I just tried torch2.0, which was for sure amazing. However, on my research purpose, I would like to do double backward in my code, which is not currently supported by torch2.0. Would you have a rough estimate that how soon it will be supported?
I’m not sure what you mean by “double backward.” If you want to compute,
for example, second derivatives (e.g., a hessian), pytorch version 2.0.0
works for me:
>>> torch.__version__ '2.0.0' >>> t = torch.ones (1, requires_grad = True) >>> p = t**3 >>> d1 = torch.autograd.grad (p, t, create_graph = True) >>> d2 = torch.autograd.grad (d1, t) >>> d1 (tensor([3.], grad_fn=<MulBackward0>),) >>> d2 (tensor([6.]),)

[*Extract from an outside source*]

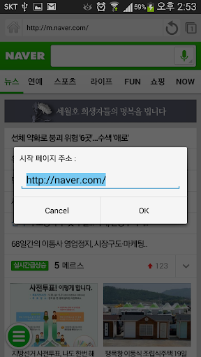 - 인터넷 주소가 아닐 경우 자동으로 검색어로 인식하여 검색.

If you have a different use case in mind, please post a fully-self-contained,
runnable script that shows what you are trying to do and how it fails,
together with its output.
The issue is tracked torch.compile with aotautograd does not support double backwards · Issue #91469 · pytorch/pytorch · GitHub if you are wondering about torch.compile support.
Hi Frank, thank you a lot for trying. Sorry I didn’t make it clear with my question. The torch.compile in Pytorch 2.0 doesn’t support double backward. Without torch.compile, everything seems fine.
Thank you soulitzer, yes, that was my concern.